I have tables which have more than 100 million rows.
what is fastest way to get count of number of rows, count(*)
is putting too much load on the machine and it is taking lot
I did not analyze these tables, so I can't use num_rows in all_tables.
Any ideas ??
03-07-2001, 09:04 PM
My understanding is that you should use count(rowid), since there is less data dictionary work to do the identification of what columns the * actually represents.
03-07-2001, 10:38 PM
Unfortunately, that's not true. Count(1), count(*), and count(ROWID) are all the same thing, essentially. As long as you don't do count(columnname) where columnname is not part of the set it is using to count. Usually, the count(*) will simply use the PK index, since it is the smalles object that contains all the rows. It has to go to through all the leaf nodes to get the count, so it will substitue the PK for the *, or count(1) will count every entry, and every entry contains the PK and ROWID, so they are all the same. If, however, you put another columnname in there that is not the PK, then it will have to go to the table to get the column and *that* will cost you. The best you can do is make sure your PK is as small as possible, and is a single field, so the PK index is as small as possible. Of course, this should *always* be the case. Every table, *especially* such large ones, should have a numeric, abstracted, single-field as the PK. Also, this will be hampered by such things as Index-organized table, clusters, and anything else that messes up the index. As long as you have a numeric, single-field PK, the count - no matter how large - should not be *that* painful.
Other than that - there's not much you can do. However, I am a little concerned that you say you haven't analyzed the tables. Please tell me you're not using the RULE optimization mode when dealing with such large tables! If so, more power to ya. :)
Actually, the only other thing that occurs to me rests in the resolution of an issue jmodic and I are discussing over on the developer's forum. If, as he suggest, a Fast-Full Index scan uses less buffer space than a regular index scan, it may be worthwhile to use a hint on your count, ie:
SELECT /*+ INDEX_FFS(T1, pk_index_name) */ COUNT(*) FROM Table1
This *may* save you some cache space, which *may* be contributing the the load the statement is putting on your system.
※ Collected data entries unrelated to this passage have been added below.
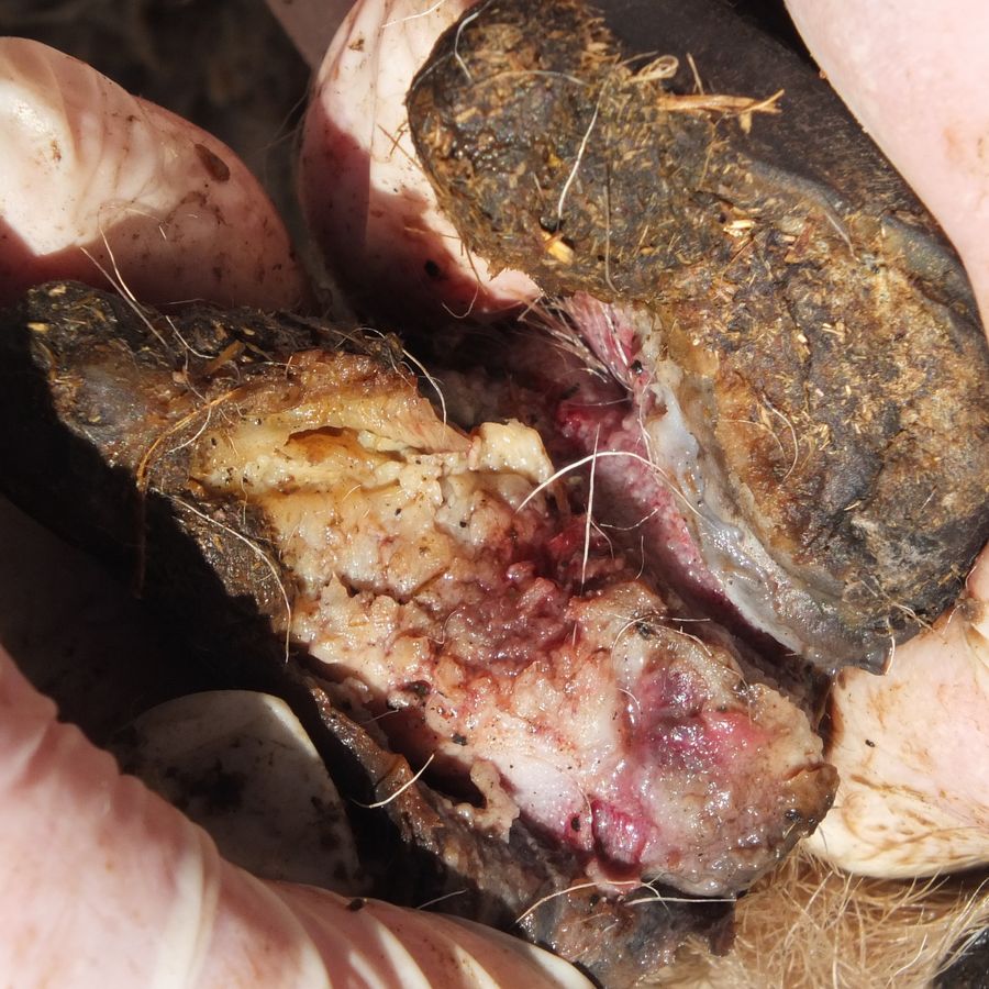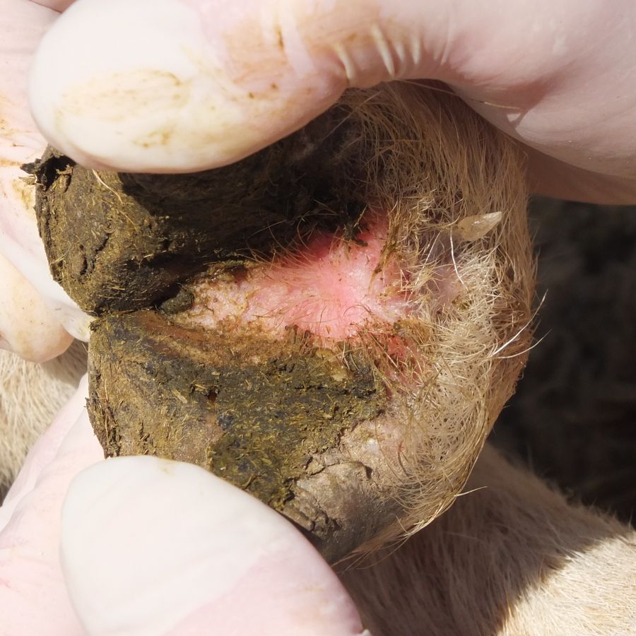 Moderhinke ist sehr schmerzhaft und ansteckend. Diese Krankheit, umgangssprachlich auch als Klauenfäule bezeichnet, führt zu einer Entzündung im Zwischenklauenspalt und kann unbehandelt bis zum "Ausschuhen" führen.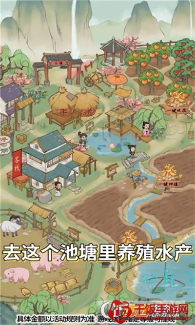 2、古风治愈画面:采用治愈系古风画面,温暖色调与细腻笔触,勾勒出令人向往的田园画卷,营造身临其境的经营氛围,让玩家沉浸于恬淡自得的田园时光。
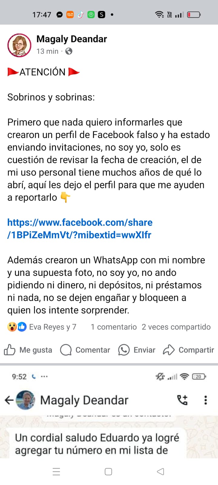 "Además crearon un WhatsApp con mi nombre y una supuesta foto, no soy yo, no ando pidiendo ni dinero, ni depósitos, ni préstamos ni nada, no se dejen engañar y bloqueen a quien los intente sorprender".

It may be worth a try.
- Actually, upon re-reading what you said, you might have a slight point. Most people think that it is faster because they think count(*) counts *all* the columns, meaning that it has to access the table, which is not true. I never actually thought about the fact that it might have to make the single, extra step of resolving the * to a field name. *If* this is true, it simply *can't* take more than a few milliseconds to do that. Considering the size of the table, and the length of the overall statement, I would say that would be an insignificant difference. Interesting theory nonetheless - I'll have to look into that.